The next morning I'm still stubbornly ignoring Edward. I don't answer when he asks how I slept and I shake my head when he asks if I want a ride. I get in my decrepit truck instead. I wait for Edward to leave then begin counting to 100(Rosalie's requirement) 28..,29.… o screw it. I pull out anyway. I'm not in the mood today for her stupid rules.

I get to school right after Edward we get out at almost the exact same second. And you know what? The sky didn't fall the ground didn't crack open and swallow us and all hell stayed in place. No on started jumping up and down screaming "I knew you two were living together at the doctors! I knew it!". Nope nothing, how disappointing.

I glared at Edward on my way to my first class. He just looked at me with sad eyes. Until mike came over then he started laughing and rolled his eyes at me. I returned the favor.

First and second period breezed right on by. I was at my locker opening it-or trying to at least. 23 and……. 56 there. It finally popped open. I sighed in relief( I had been afraid I would miss my next class).I traded out my binders, then balancing then in one hand I slammed the locker closed with the other. Mike was standing next to my locker.

Like in all the cheesy movies where the girl closes her locker and right behind the door is the creeper. Too bad his head is never on the other side of the door I thought wistfully.

I didn't say anything just looked at him I a way that clearly said "You have 10 seconds". But instead of saying anything he just leaned in towards me. Whoa ok back up personal space issue my thoughts screamed. But he didn't lean in to kiss me instead he pushed firmly on both my shoulders I stumbled backwards and probably would have caught myself in their hadn't been something directly behind my legs ( I would later learn it was Tyler Crow or whatever his last name was). I fell backwards over him my books spilling from my arms I would have hit the floor really hard if I hadn't been caught.

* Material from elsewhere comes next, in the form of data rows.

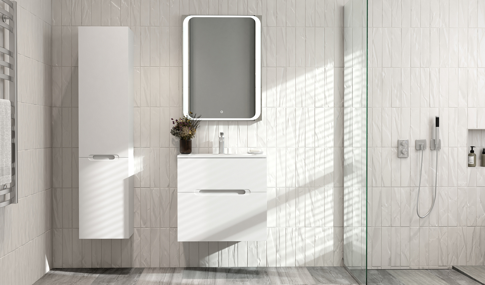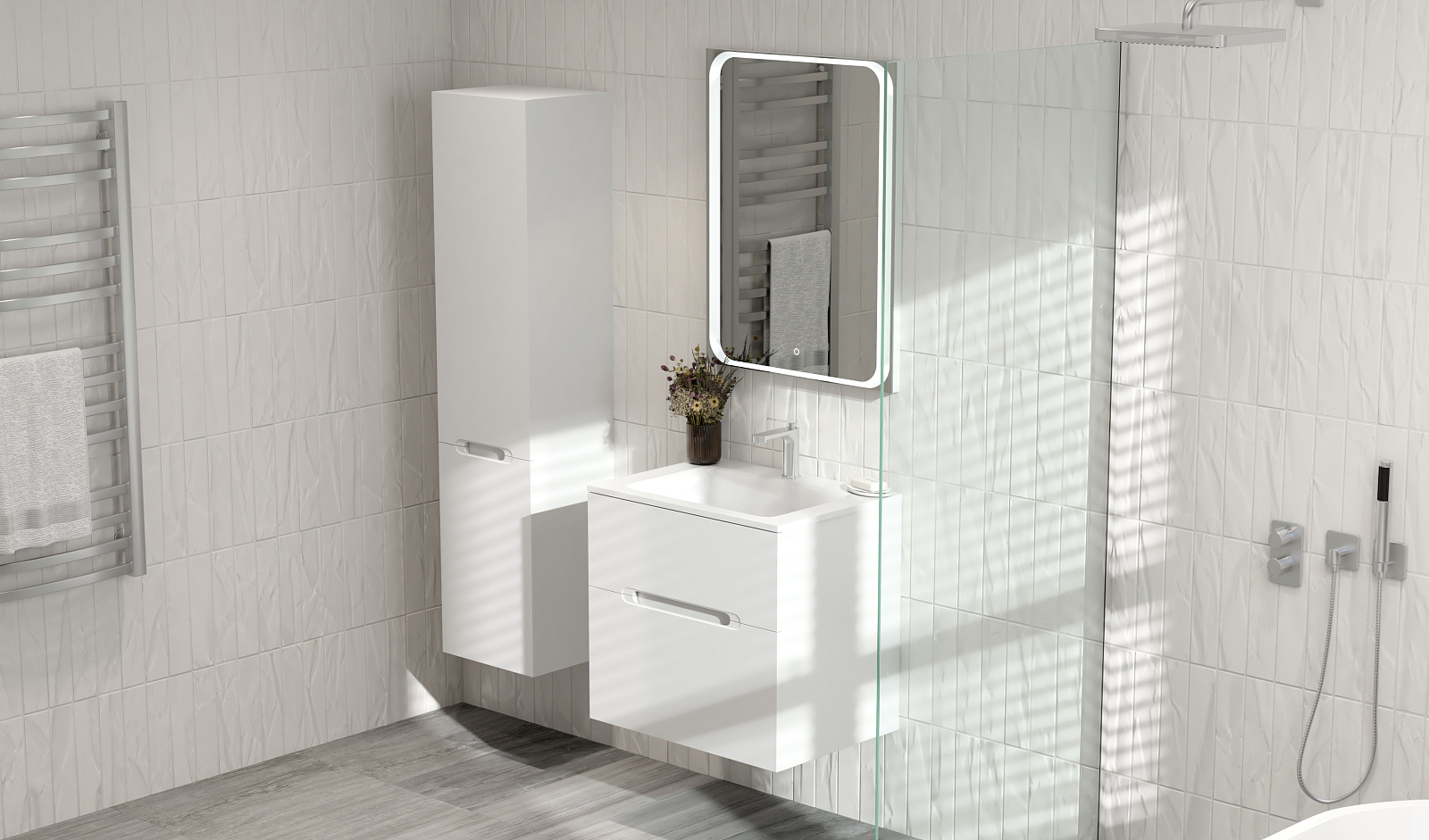 Широкий размерный ряд тумб позволит подобрать комплект для ванной комнаты любой площади.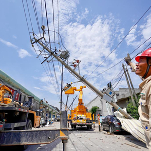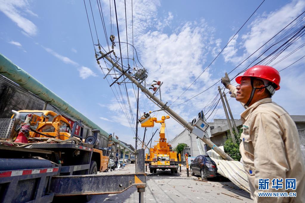 5月15日,国网苏州供电公司的工作人员在苏州市吴江区盛泽镇电力设施受损处进行抢修。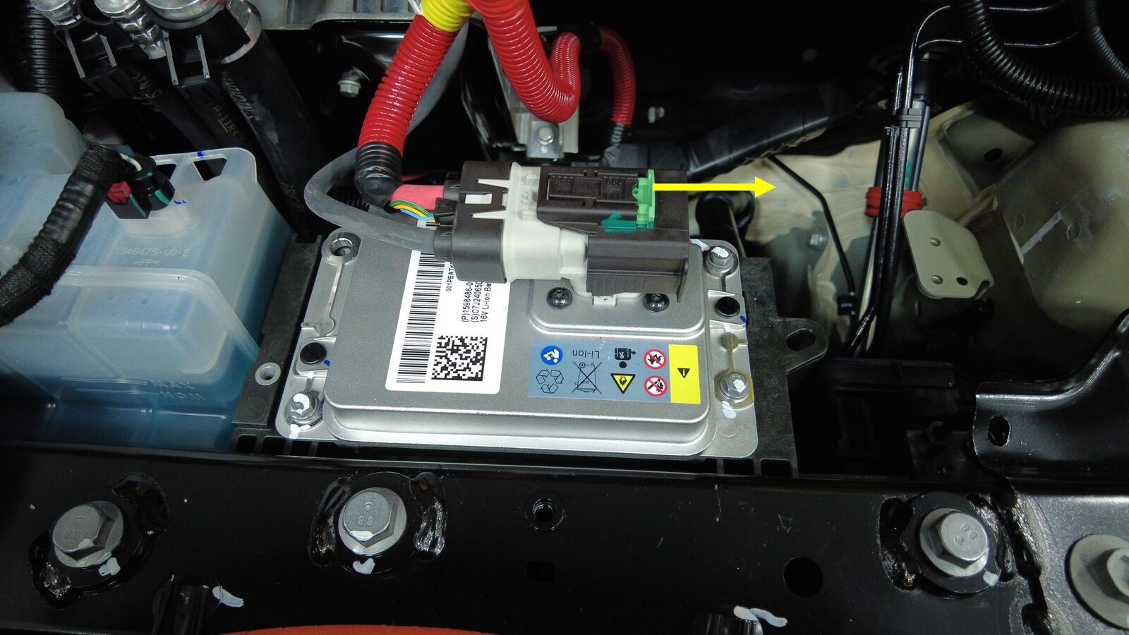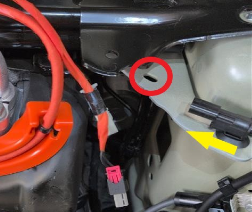 Disconnect the HVIL connector from the LH shock tower, and then release the shock tower fir tree clip for that harness branch.

Wow that was nice of-whoever it was. I though at first it might have been Ang- she'd do something like that but the hands felt to strong to be her. The hands steadied me as Tyler scurried out from between us.

"Ah way to go Eddy you screwed it up" Mike said indignantly I turned around shocked to see it was in fact Edward. He was just glaring at them.

"Yeah why'd you do that?" Tyler asked I was wondering that too.

"Why'd you'd try to table top her she didn't do anything to you?" Edward countered. They had no answer.

"Why are you standing up for her?" Mike asked incredulously.

"Because" Edward said looking down at me "she's my friends. They howled with laughter.

"Oh come on Ed you don't have friends that are girls man you have bed buddies. I rolled my eyes at them as I kneeled to pick up my fallen books and the next second Edward was there scooping the rest up and taking the ones I had from me putting them on tops of his.

"Bella is my friend" he repeated his tone making it clear there would be no arguing the point any farther. Then he turned to me. "What's your next class?"

"English" I replied in barely a whisper so touched by his disregard for what his friends thought -that he had told them we were friends even thought it broke every social rule ever known. For the player and the bookworm couldn't be friends it just didn't happen. Miracles again.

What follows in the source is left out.